British television writer, producer and director (born 1963)

Sally Wainwright (born 1963) is an English television writer, producer, and director. She is known for her television dramas, often set in her native West Yorkshire and featuring strong female characters, such as Scott & Bailey (2011–2016), Last Tango in Halifax (2012–2020), Happy Valley (2014–2023) and Riot Women (2025–).

Wainwright began her career as a scriptwriter on the long-running radio serial drama The Archers, and worked on the television soap operas Emmerdale and Coronation Street in the 1990s. Her first original drama, At Home with the Braithwaites, aired between 2000 and 2003. After two self-described "flops" in the mid-2000s, Wainwright found success with Unforgiven (2009), for which she won the Royal Television Society's Writer of the Year Award. Other work includes historical drama Gentleman Jack (2019–2022), and the comedy-drama series Riot Women. Last Tango in Halifax won the British Academy Television Award for Best Drama Series in 2013, and Happy Valley won the same award in both 2015 and 2017.

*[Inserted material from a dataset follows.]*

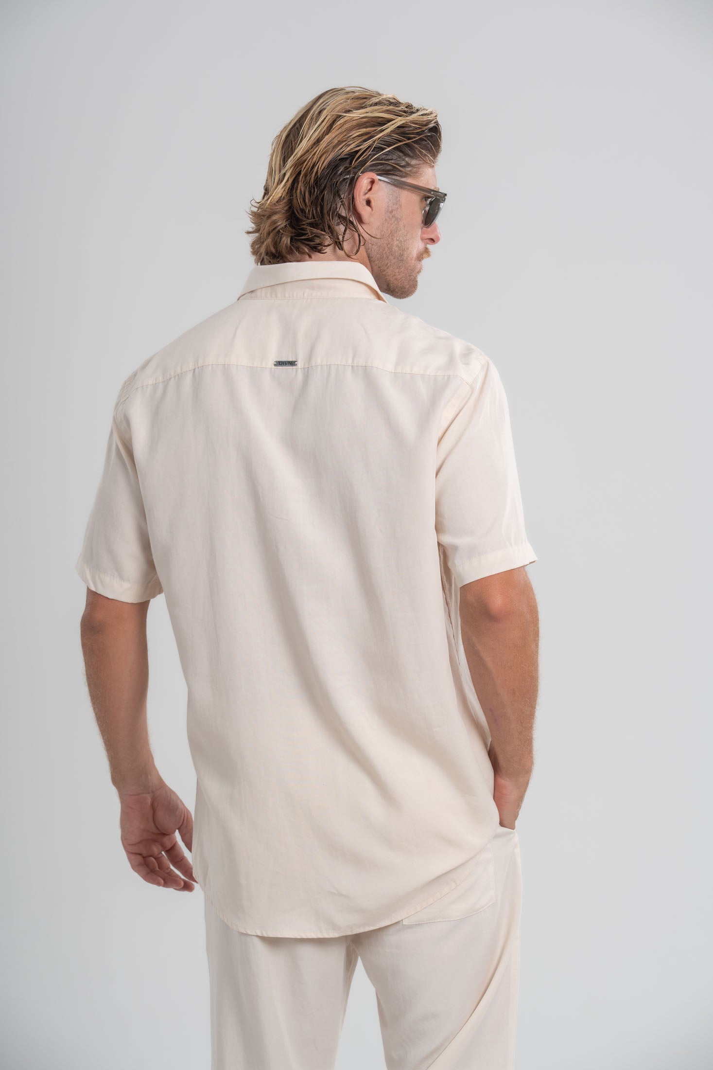 A composição monocromática amplia a sensação de leveza, valoriza as linhas do corpo, alonga a silhueta e reforça a proposta contemporânea da Divn — perfeita para dias quentes, sunsets, viagens, baladas e encontros descontraídos.

== Early life and education ==
Sally Wainwright was born in 1963 in Huddersfield, West Yorkshire, to Dorothy (née Crowther) and Harry Wainwright. She has one sister.

She was brought up in Sowerby Bridge, where she attended Triangle Church of England Primary School and Sowerby Bridge High School. She attended the University of York, studying English and Related Literature.

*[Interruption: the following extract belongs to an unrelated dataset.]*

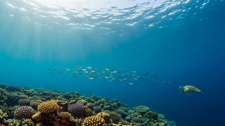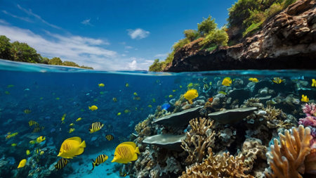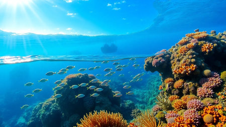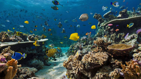 Stunning underwater scene of a vibrant coral reef teeming with life. Peaceful ocean depths

Wainwright said that she had always wanted to write, had started writing from the time she was nine years old, and wanted to write for Coronation Street. She said that when she was 16 years old, she saw a play called Bastard Angel by playwright Barrie Keeffe at the Royal Shakespeare Company, and was impressed by its short sentences and naturalistic approach to dialogue.

== Career ==
While at the University of York, Wainwright took an original play called Hanging On to the Edinburgh Festival and in the process found an agent, Meg Davis, for her writing. Meanwhile, she worked as a bus driver. When she was 24, she left the driving job after she started writing for the Radio 4 series The Archers. One of her contributions was to write an atypical story for the long-running radio soap in which the village shop was robbed. After that she wrote for Coronation Street, developing her writing skills, from 1994 to 1999. She has since said that working on continuing drama was "a great education in discipline and a lesson that great stories are hard work". She was mentored by Kay Mellor, who encouraged her to stop writing for soaps and concentrate instead on original work. She created the TV series At Home with the Braithwaites about a woman who had secretly won the lottery. The programme was nominated for multiple awards. In 2006, she wrote the drama series Jane Hall, which depicts the life of a woman bus driver in London. Wainwright drew on her own experiences in scripting the series.

She wrote the three-part drama series Unforgiven, broadcast in 2009, that went on to win best series and best writer in the RTS Awards.

In 2011, she wrote Scott & Bailey, a series about two female police officers. The idea for the series came from the actresses Suranne Jones and Sally Lindsay and former Detective Inspector Diane Taylor, who assisted with bringing the series to air.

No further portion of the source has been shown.